I like Cav and everything but I don't have high hopes for him sprinting in the 2016 Olympics. 

Sprinting is a young man's game. After four more years of hard racing--including four more le tours--I don't think he'll have the same snap in his legs. I don't want to take anything away from Cav. I'm just being realistic: 2016 is far away. 


Even if Cav were to stop cycling tomorrow he would still be considered one of the greatest sprinters of all times. An athlete can still be considered one of the greatest without an Olympic Gold. Look at boxers Roy Jones Jr and Mike Tyson.
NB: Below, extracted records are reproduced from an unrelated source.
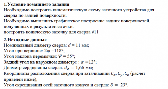 Главная » Учебные материалы » Основы проектирования режущего инструмента (ОПРИ) » Домашние задания » МГТУ им. Н.Э.Баумана » 8 семестр » Домашнее задание №2 "Анализ изменения заднего угла сверла" (диаметр сверла 11 мм)
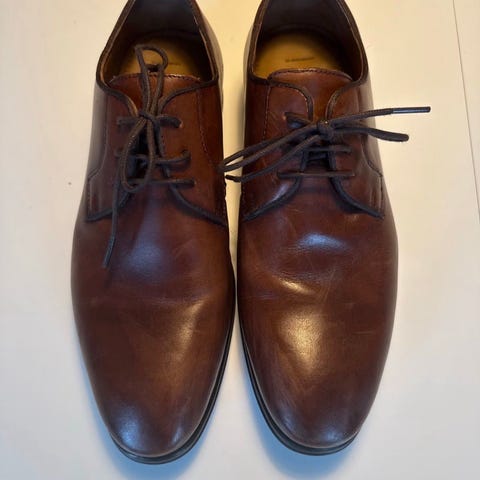 H&M pensko i størrelse 40. Skoene er laget av brunt skinn og har snøring. Egnet for formelle anledninger eller arbeid der pen sko kreves. Obs!: Venstre foten har en hvit merke
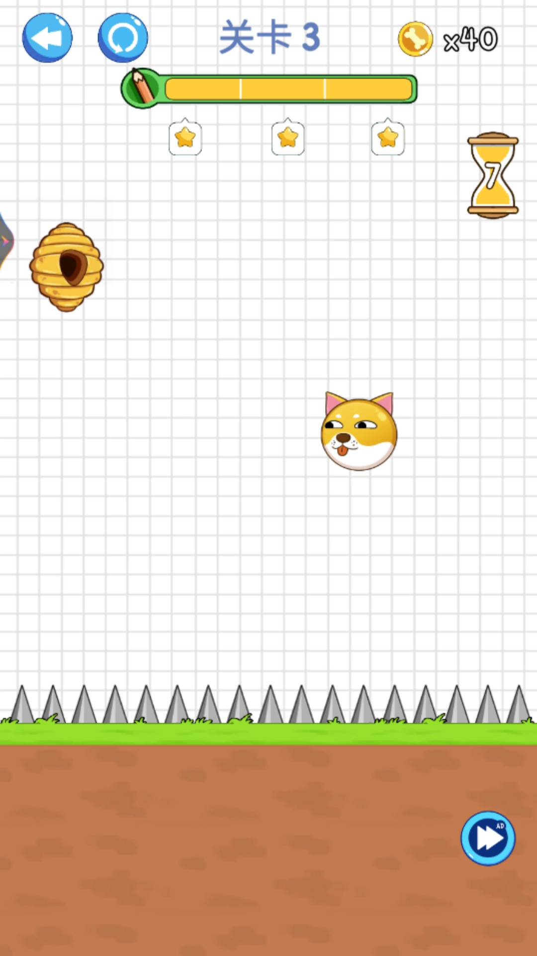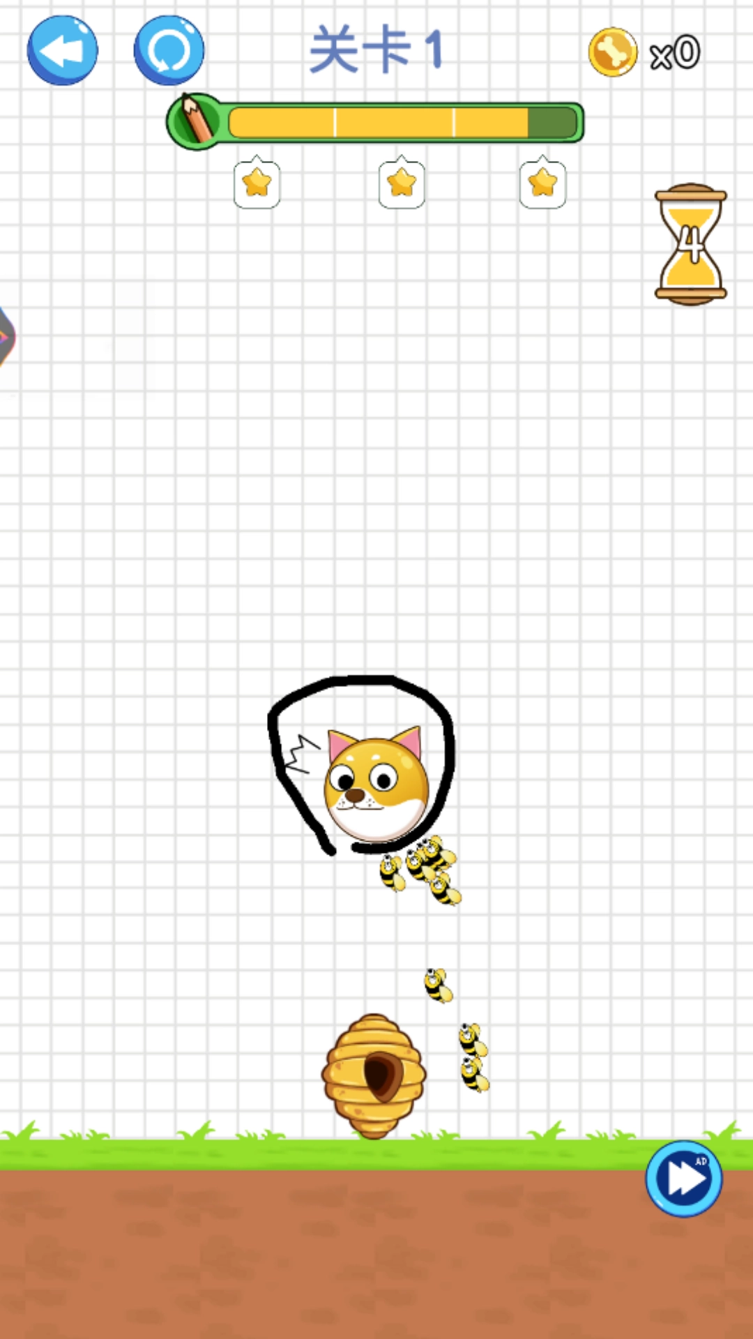 1. 用手指在屏幕上滑动来画出防线,守护中间的狗头,防止它被蜜蜂蜇伤。

Roy Jones clearly outboxed every opponent and took home a controversial silver. Tyson who won at jr Olympics but not big boy Olympics -- as an interesting aside, the winner of the 1984 gold was American Henry Tillman. Where is he now?

On balance, I think the Olympics is a novelty.


----------



## albert owen (Jul 7, 2008)

World Champion + all those GT stage wins - how many so far? - are absolute proof that Cav is not suited to Road Racing. Give up Mark, you are in the wrong job ;-)


----------



## biobanker (Jun 11, 2009)

When I think of a great road racer, I think of someone who always makes it into the break, or if they missed the move, someone who bridges or brings the break back. Either those, or someone who takes off alone and dies a thousand times in the wind alone or pedaling up a mountain. 

I love Cav and his long list of massive wins says that he is a fantastic road racer, but when the break has momentum and the peloton can't seem to get traction, and when Cav has the most to gain from bringing them back, he is still hiding in the bunch. 

What bugs me is that the fastest biker in the world is not capable of taking any pulls when he NEEDS to catch the break. Ultimately, he doesn't control his destiny. He depends upon others to ensure it's a bunch sprint. 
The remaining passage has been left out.